BEGIN Data in this exercise
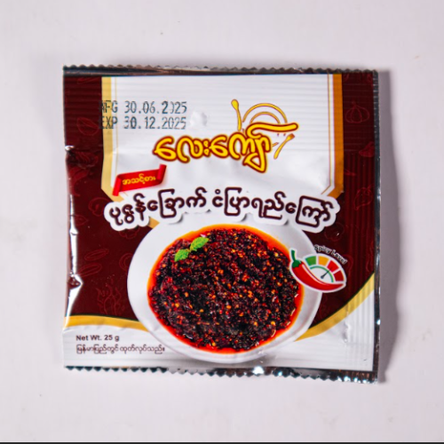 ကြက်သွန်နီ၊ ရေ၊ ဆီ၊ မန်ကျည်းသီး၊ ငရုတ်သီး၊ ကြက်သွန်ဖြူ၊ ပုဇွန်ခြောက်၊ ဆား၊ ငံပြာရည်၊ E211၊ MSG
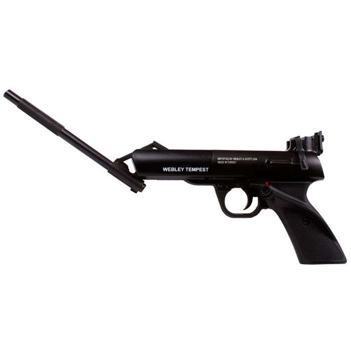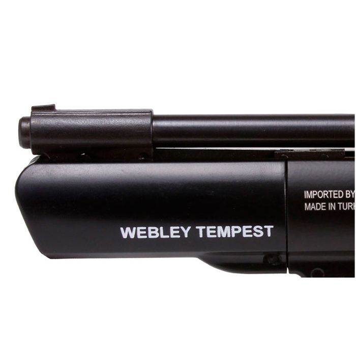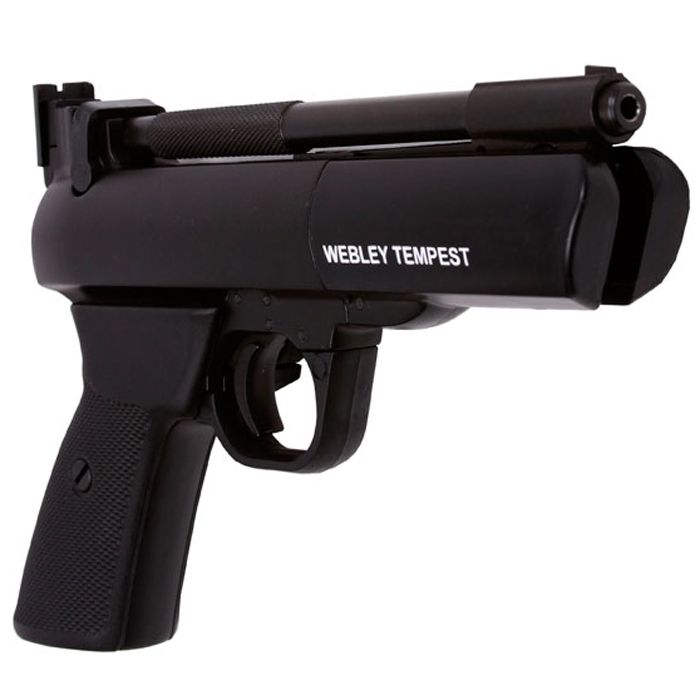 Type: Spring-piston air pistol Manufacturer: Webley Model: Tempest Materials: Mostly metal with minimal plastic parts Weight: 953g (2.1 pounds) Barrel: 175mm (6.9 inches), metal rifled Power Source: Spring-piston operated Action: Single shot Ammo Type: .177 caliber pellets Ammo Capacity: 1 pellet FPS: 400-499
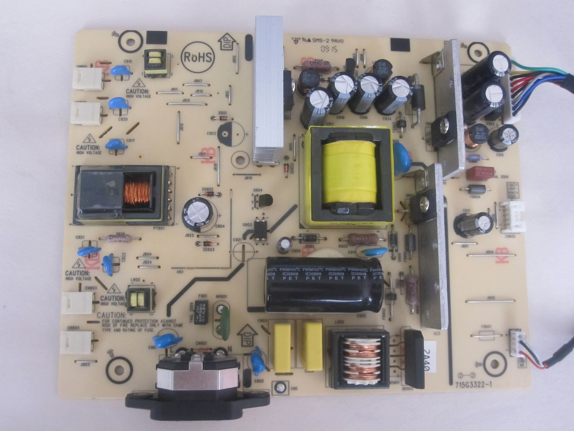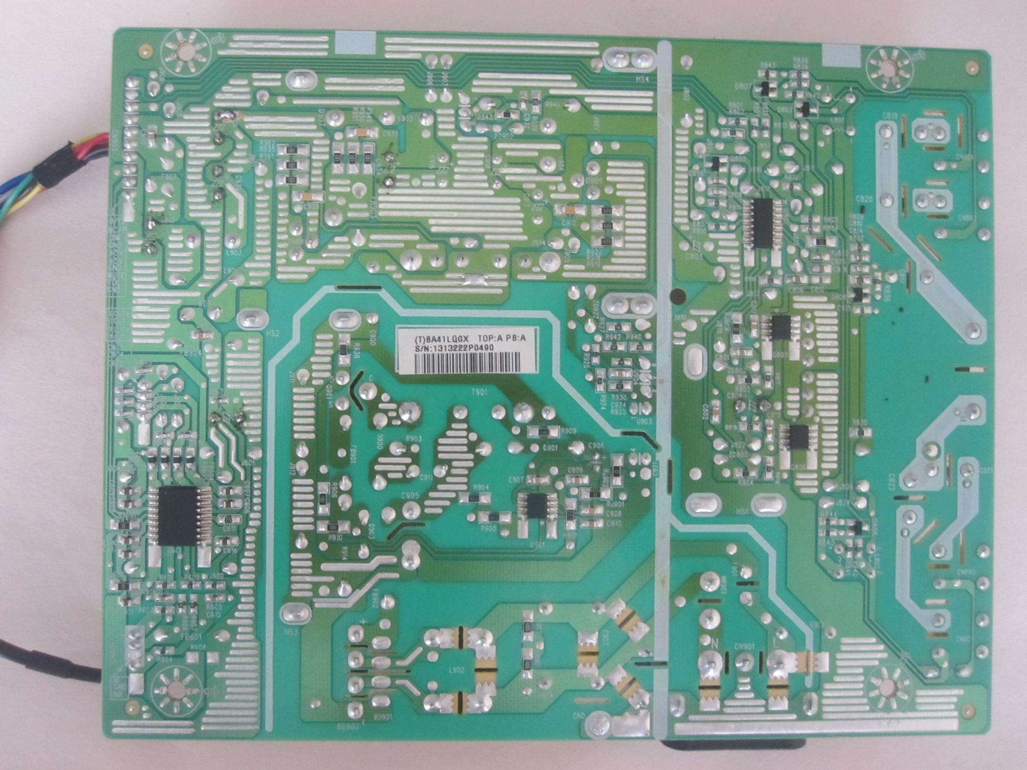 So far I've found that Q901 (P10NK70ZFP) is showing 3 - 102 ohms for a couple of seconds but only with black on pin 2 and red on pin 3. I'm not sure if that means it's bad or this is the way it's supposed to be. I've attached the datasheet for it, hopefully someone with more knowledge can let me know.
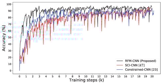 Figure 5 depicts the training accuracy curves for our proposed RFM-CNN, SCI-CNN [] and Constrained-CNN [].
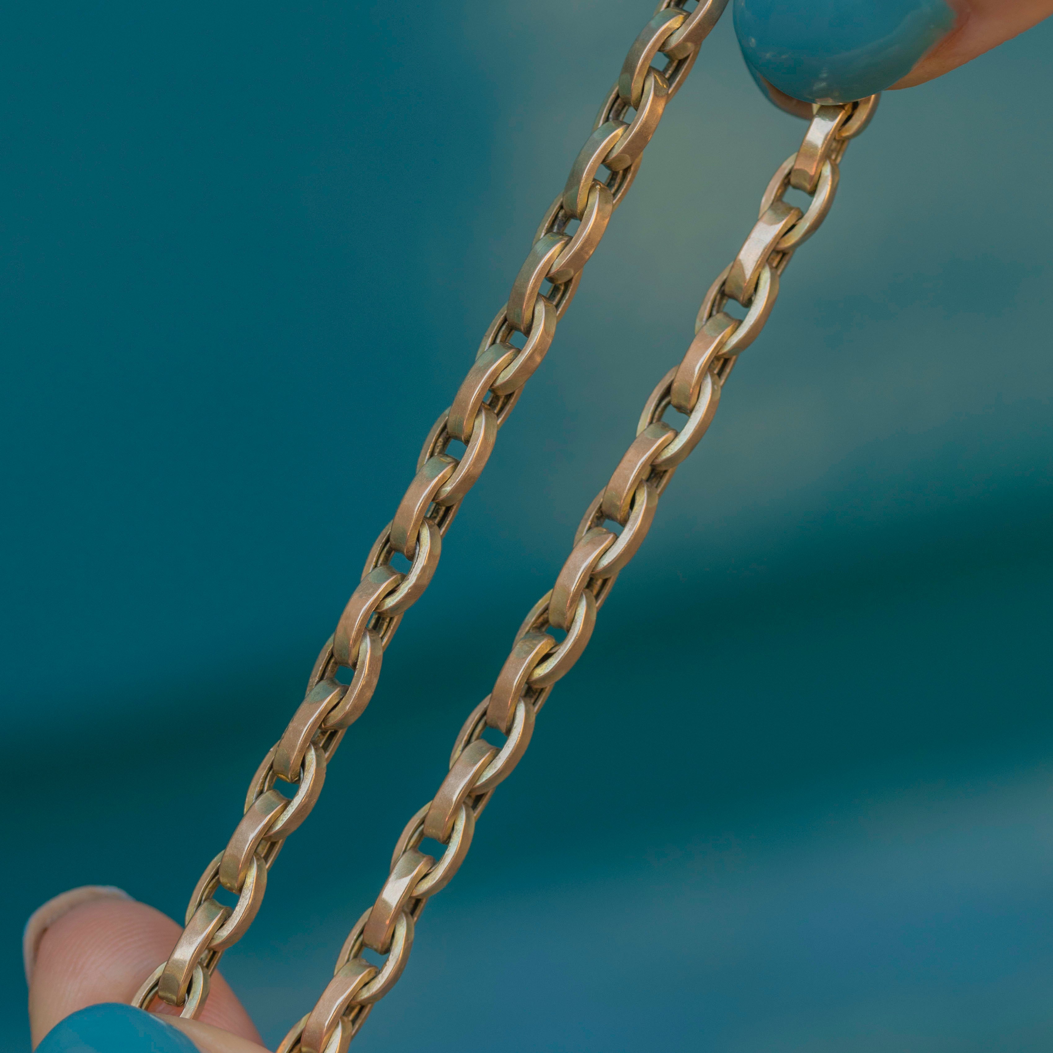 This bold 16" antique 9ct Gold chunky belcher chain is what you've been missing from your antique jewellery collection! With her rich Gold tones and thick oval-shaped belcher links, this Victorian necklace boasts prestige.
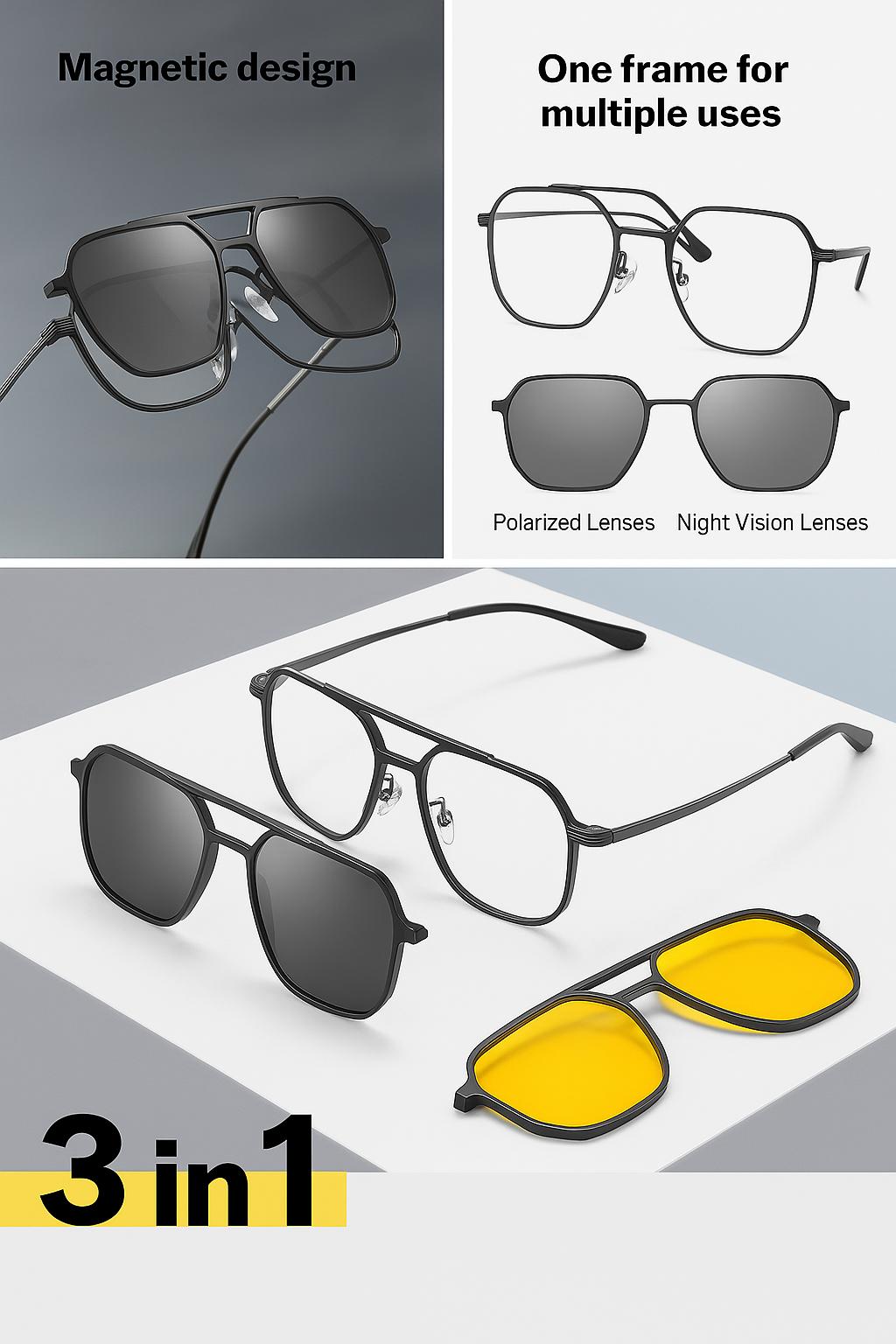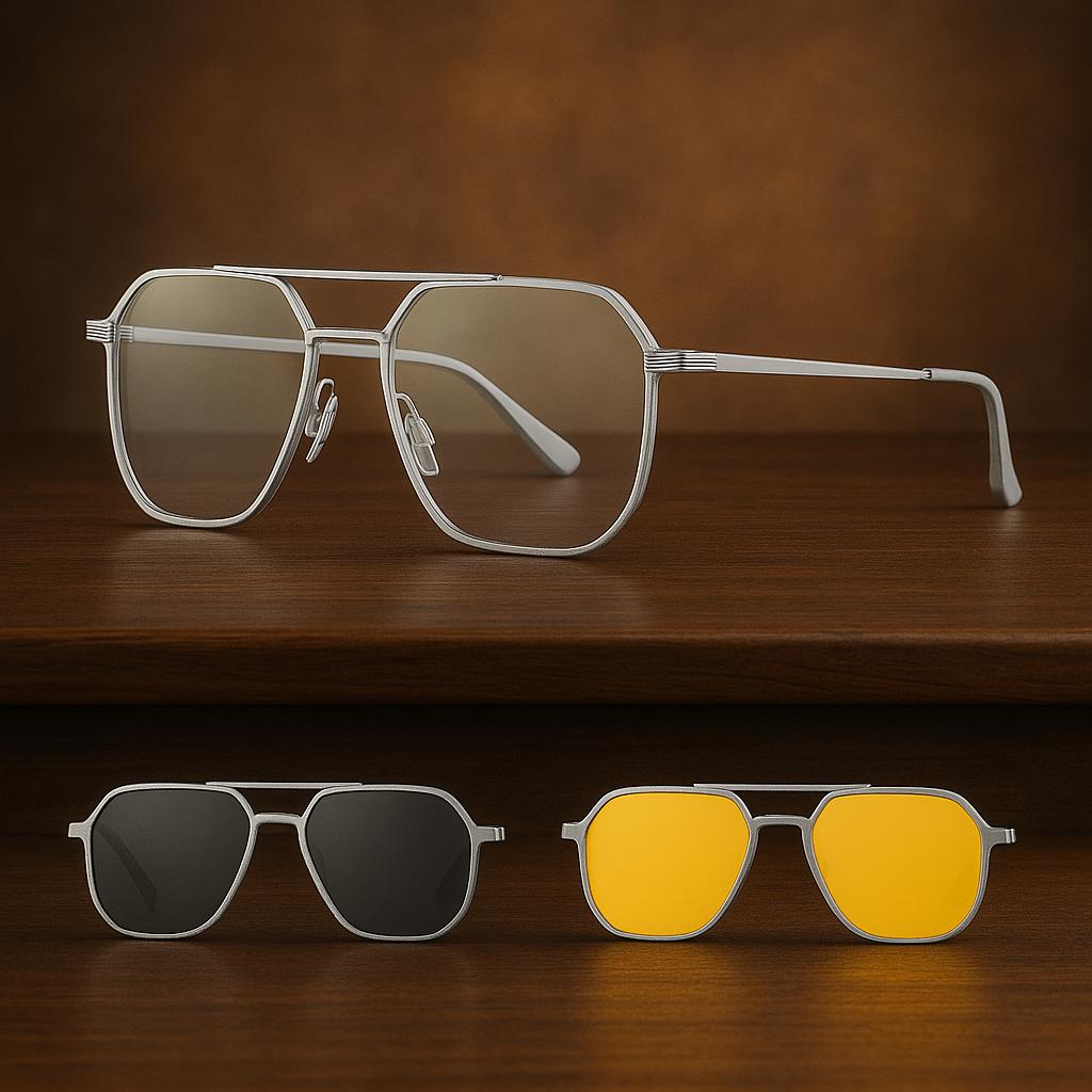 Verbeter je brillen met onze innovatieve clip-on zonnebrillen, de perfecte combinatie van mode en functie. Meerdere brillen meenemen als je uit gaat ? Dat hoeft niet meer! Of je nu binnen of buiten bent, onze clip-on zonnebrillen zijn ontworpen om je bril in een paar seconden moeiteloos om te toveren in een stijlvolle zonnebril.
END Data in this exercise
Activity: Begin at the line containing "So far I've" and restate exactly every line through the end of the material, skipping the pictures.

Response:
 So far I've found that Q901 (P10NK70ZFP) is showing 3 - 102 ohms for a couple of seconds but only with black on pin 2 and red on pin 3. I'm not sure if that means it's bad or this is the way it's supposed to be. I've attached the datasheet for it, hopefully someone with more knowledge can let me know.
 Figure 5 depicts the training accuracy curves for our proposed RFM-CNN, SCI-CNN [] and Constrained-CNN [].
 This bold 16" antique 9ct Gold chunky belcher chain is what you've been missing from your antique jewellery collection! With her rich Gold tones and thick oval-shaped belcher links, this Victorian necklace boasts prestige.
 Verbeter je brillen met onze innovatieve clip-on zonnebrillen, de perfecte combinatie van mode en functie. Meerdere brillen meenemen als je uit gaat ? Dat hoeft niet meer! Of je nu binnen of buiten bent, onze clip-on zonnebrillen zijn ontworpen om je bril in een paar seconden moeiteloos om te toveren in een stijlvolle zonnebril.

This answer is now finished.